-- THE DATA follows --

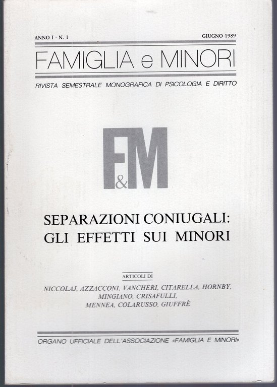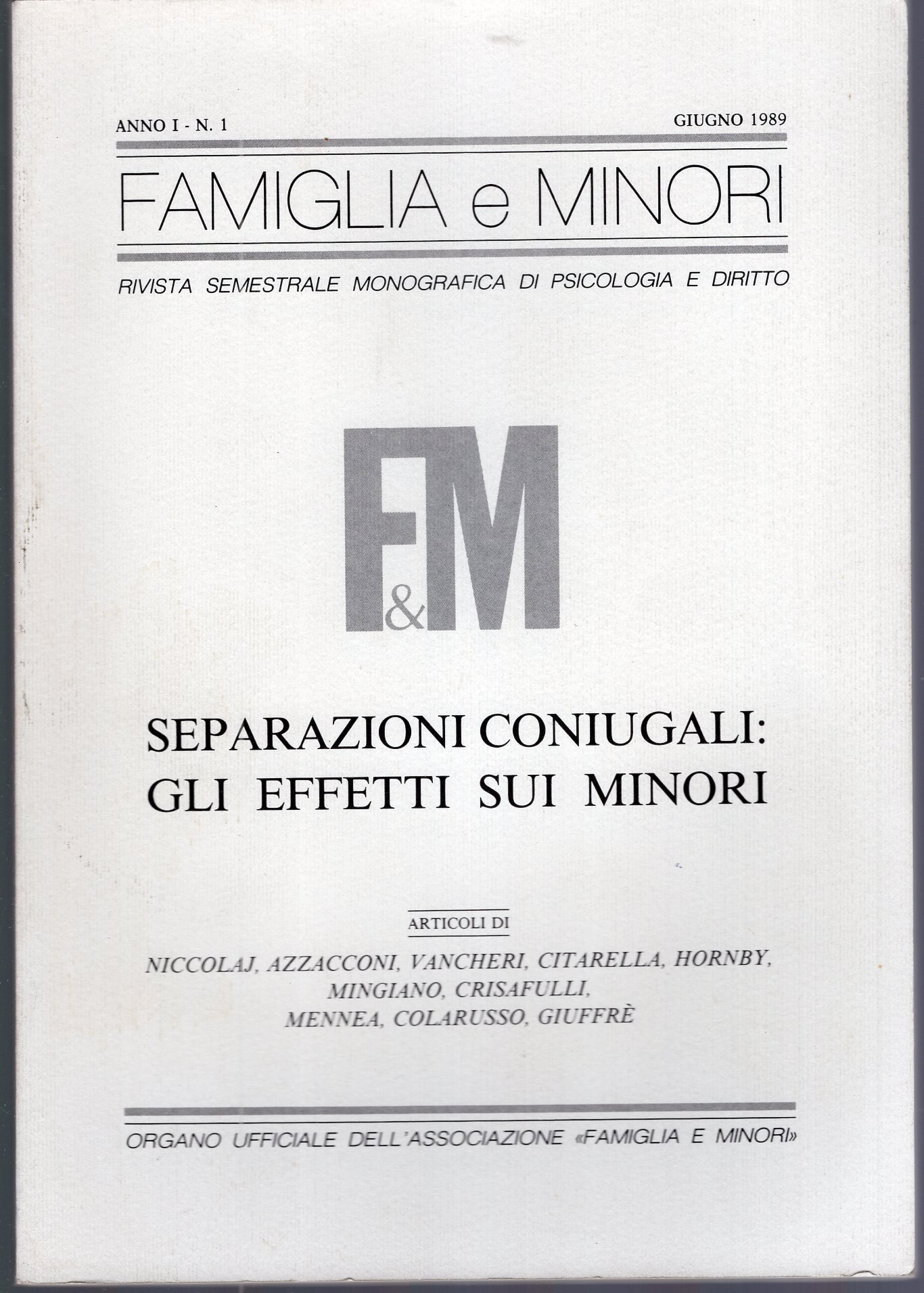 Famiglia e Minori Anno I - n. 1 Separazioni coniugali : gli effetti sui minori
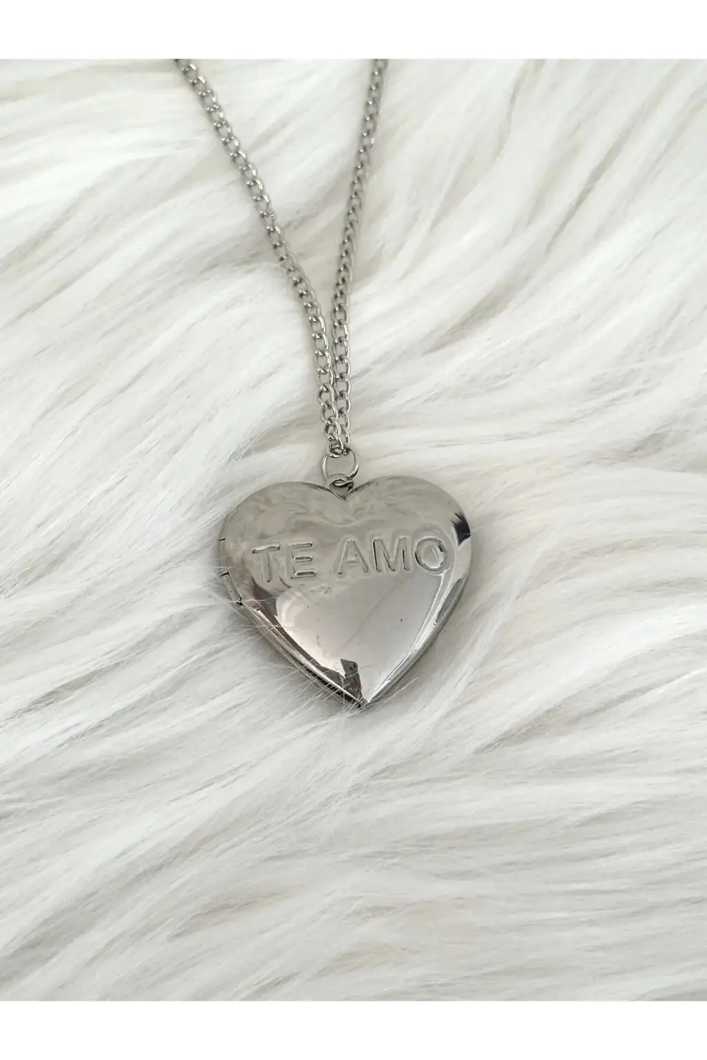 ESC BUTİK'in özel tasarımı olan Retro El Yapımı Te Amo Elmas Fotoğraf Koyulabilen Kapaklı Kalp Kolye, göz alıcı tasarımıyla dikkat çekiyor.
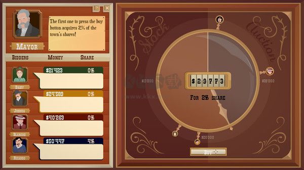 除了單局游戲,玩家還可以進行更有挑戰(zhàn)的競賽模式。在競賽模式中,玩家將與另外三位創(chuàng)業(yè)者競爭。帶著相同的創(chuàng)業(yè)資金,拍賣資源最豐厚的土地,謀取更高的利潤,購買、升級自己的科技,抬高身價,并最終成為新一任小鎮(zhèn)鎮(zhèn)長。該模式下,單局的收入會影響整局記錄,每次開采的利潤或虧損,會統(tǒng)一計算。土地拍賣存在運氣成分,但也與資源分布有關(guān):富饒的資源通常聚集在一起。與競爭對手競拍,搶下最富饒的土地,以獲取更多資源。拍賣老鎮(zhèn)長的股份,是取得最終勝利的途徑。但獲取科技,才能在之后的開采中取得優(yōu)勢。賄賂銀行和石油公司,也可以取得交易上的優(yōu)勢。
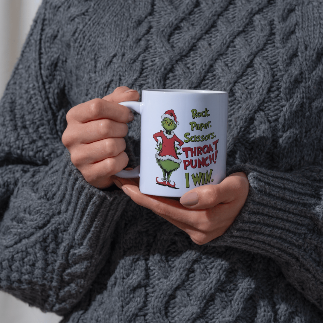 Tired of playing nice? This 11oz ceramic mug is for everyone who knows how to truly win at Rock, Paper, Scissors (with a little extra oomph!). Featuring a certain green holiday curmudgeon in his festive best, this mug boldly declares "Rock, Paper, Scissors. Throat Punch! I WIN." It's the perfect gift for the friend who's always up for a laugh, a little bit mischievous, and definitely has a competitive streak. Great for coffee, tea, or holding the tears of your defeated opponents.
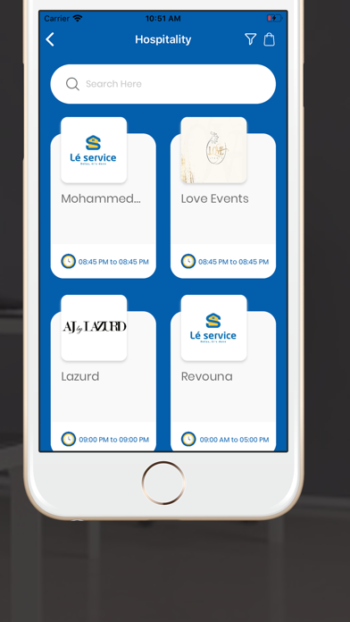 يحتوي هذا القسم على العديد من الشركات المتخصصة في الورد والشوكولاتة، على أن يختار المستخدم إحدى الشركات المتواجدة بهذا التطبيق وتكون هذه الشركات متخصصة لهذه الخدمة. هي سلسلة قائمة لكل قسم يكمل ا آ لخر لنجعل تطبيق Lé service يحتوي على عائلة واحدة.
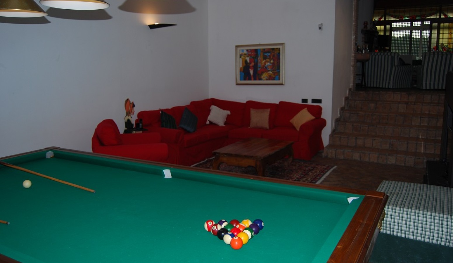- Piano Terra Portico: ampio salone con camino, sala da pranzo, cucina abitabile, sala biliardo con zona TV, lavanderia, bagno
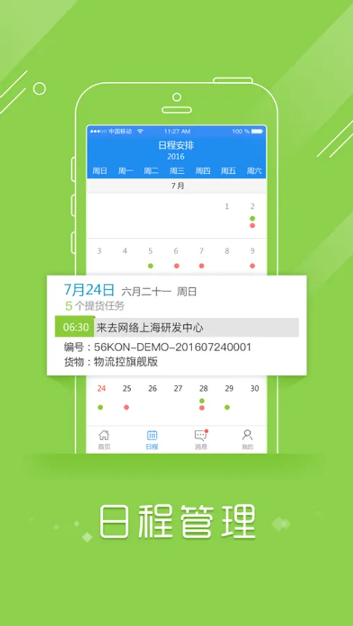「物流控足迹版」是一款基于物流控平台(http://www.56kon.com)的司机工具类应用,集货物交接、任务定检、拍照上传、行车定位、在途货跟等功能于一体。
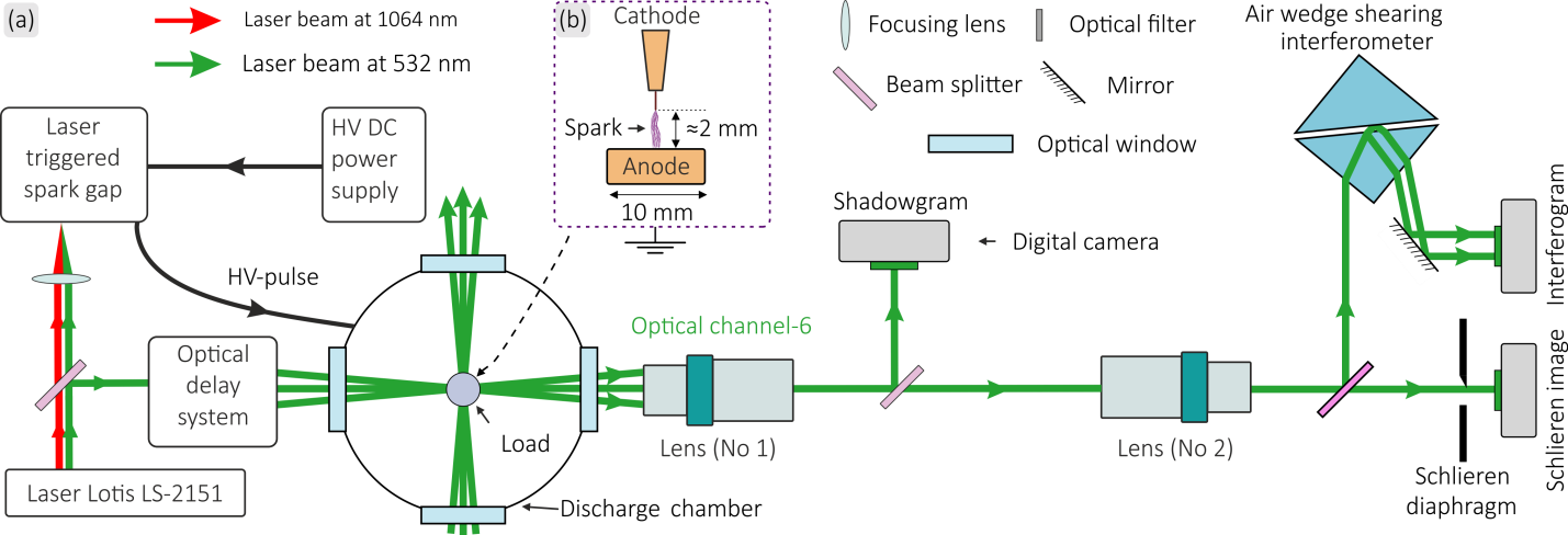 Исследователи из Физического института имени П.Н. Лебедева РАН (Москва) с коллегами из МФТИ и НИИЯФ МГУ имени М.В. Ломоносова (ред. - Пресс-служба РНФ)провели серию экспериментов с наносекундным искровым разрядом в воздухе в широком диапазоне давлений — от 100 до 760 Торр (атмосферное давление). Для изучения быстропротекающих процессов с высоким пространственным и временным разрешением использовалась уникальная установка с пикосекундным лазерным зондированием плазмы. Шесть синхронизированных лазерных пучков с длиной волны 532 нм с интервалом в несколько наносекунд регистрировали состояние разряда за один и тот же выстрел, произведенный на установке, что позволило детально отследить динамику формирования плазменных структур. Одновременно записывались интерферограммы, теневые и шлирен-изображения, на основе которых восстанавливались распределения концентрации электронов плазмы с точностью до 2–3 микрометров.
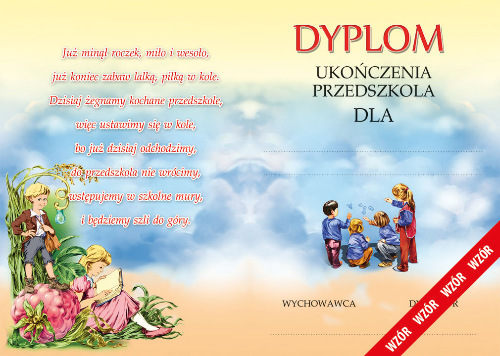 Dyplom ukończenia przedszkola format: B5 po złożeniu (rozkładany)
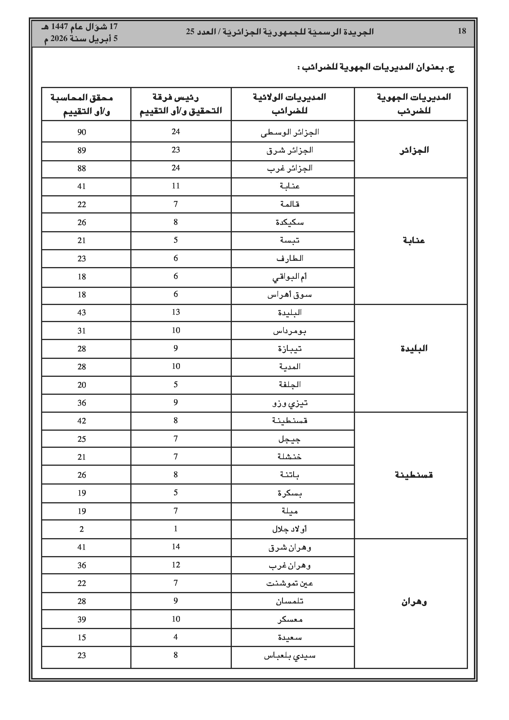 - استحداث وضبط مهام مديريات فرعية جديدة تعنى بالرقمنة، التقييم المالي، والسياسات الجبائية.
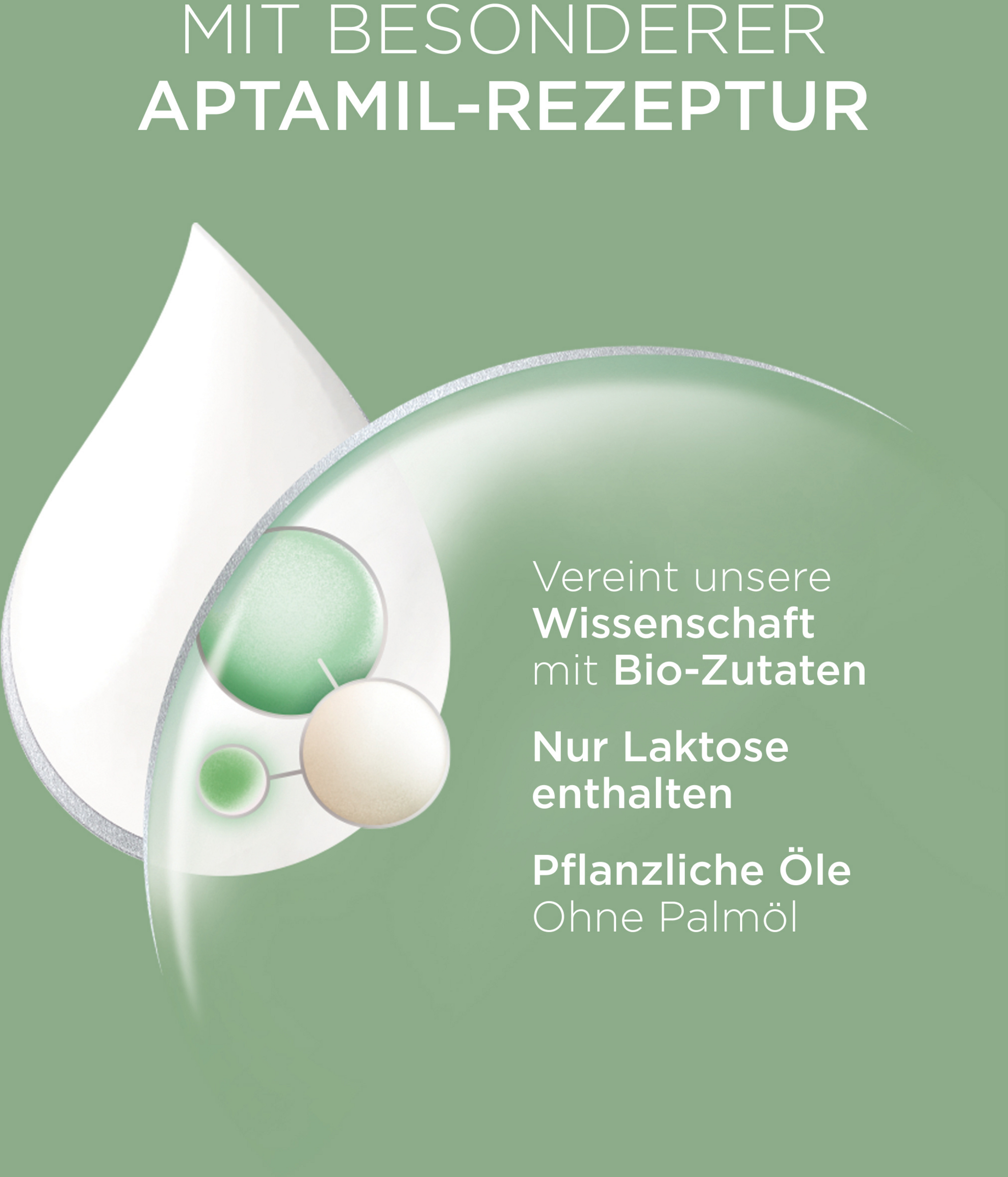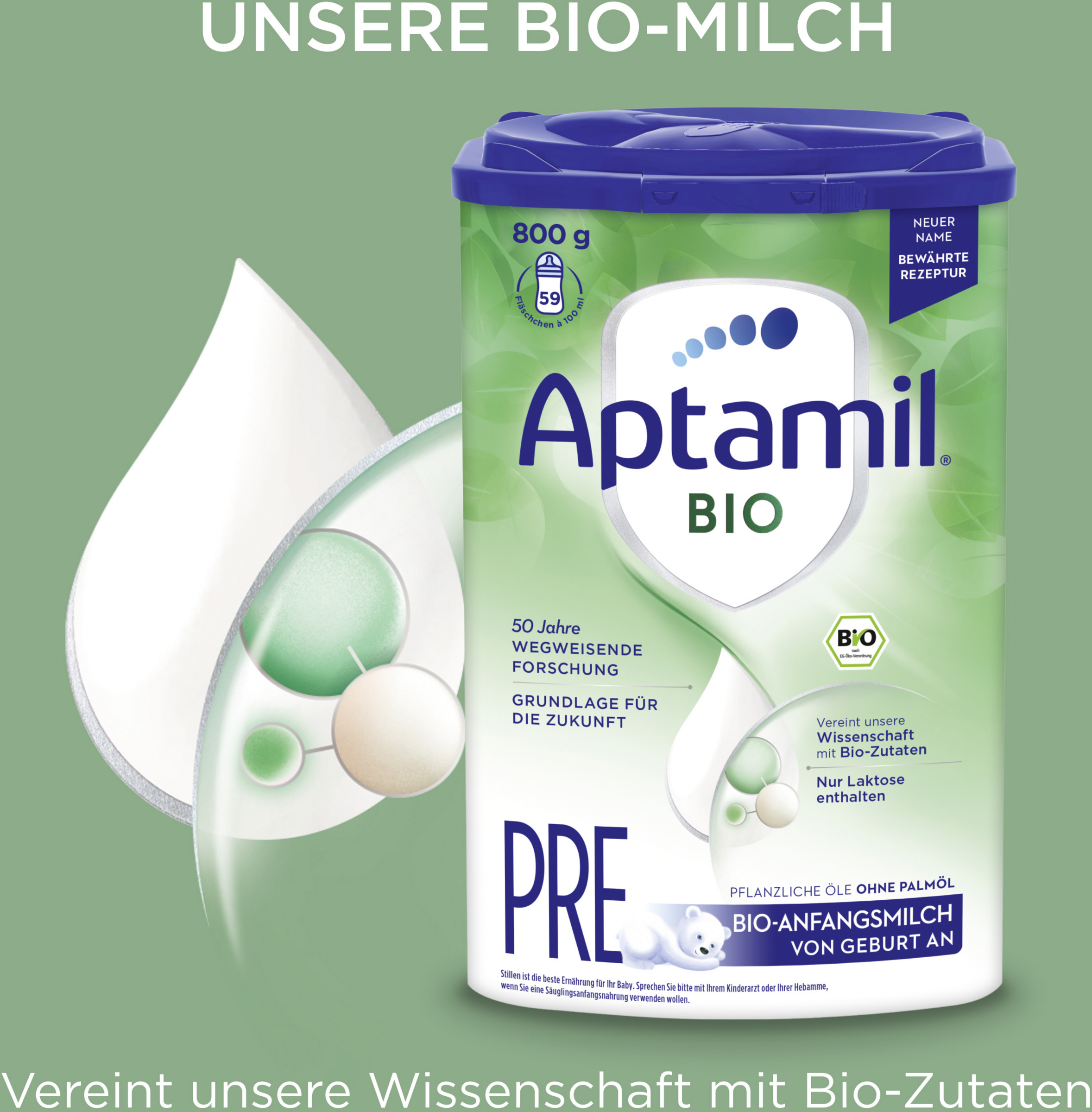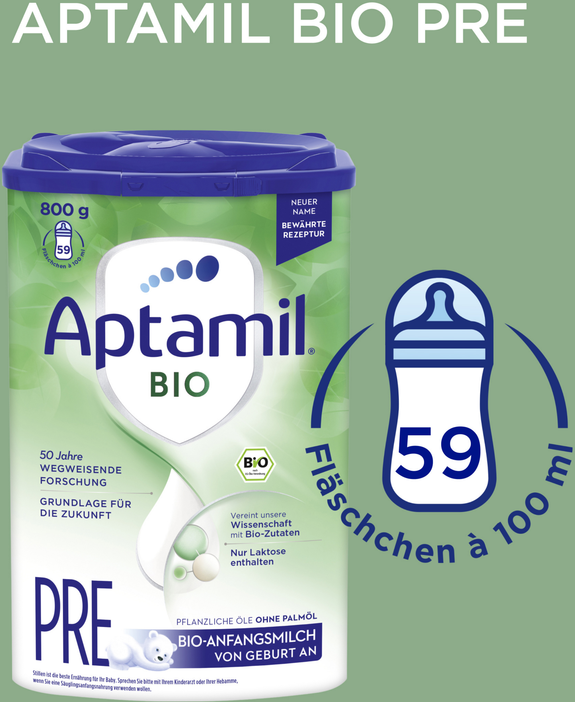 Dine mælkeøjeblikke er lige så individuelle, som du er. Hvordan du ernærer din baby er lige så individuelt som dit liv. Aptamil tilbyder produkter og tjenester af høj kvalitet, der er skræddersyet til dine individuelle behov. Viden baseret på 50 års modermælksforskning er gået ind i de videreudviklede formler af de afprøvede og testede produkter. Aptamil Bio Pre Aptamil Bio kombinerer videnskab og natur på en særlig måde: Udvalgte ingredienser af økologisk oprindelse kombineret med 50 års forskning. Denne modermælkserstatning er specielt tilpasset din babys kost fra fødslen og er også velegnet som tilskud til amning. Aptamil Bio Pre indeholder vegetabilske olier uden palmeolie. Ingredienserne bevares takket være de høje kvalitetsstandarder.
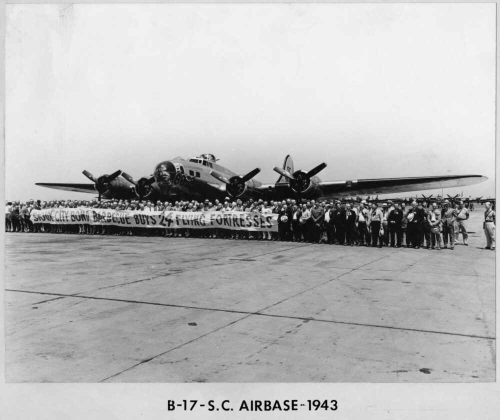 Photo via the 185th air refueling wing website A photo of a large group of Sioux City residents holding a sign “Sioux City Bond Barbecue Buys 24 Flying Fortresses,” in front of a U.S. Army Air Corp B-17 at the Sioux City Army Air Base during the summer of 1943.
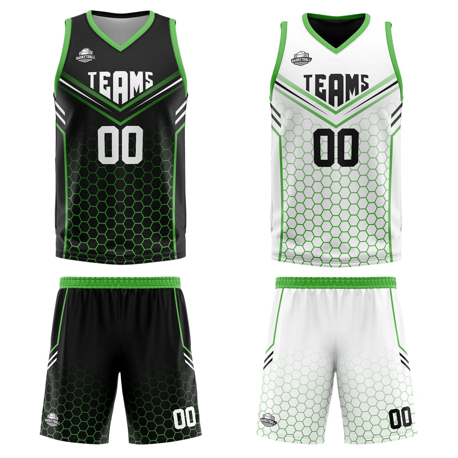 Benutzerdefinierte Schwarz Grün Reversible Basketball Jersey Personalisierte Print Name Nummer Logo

-- THE DATA concluded --

TASK ITEM: Reproduce the listing above from the line that holds "Dyplom ukończenia przedszkola" through the line that holds "- استحداث وضبط", both included, with the pictures left out.

WRITTEN RESPONSE:
 Dyplom ukończenia przedszkola format: B5 po złożeniu (rozkładany)
 - استحداث وضبط مهام مديريات فرعية جديدة تعنى بالرقمنة، التقييم المالي، والسياسات الجبائية.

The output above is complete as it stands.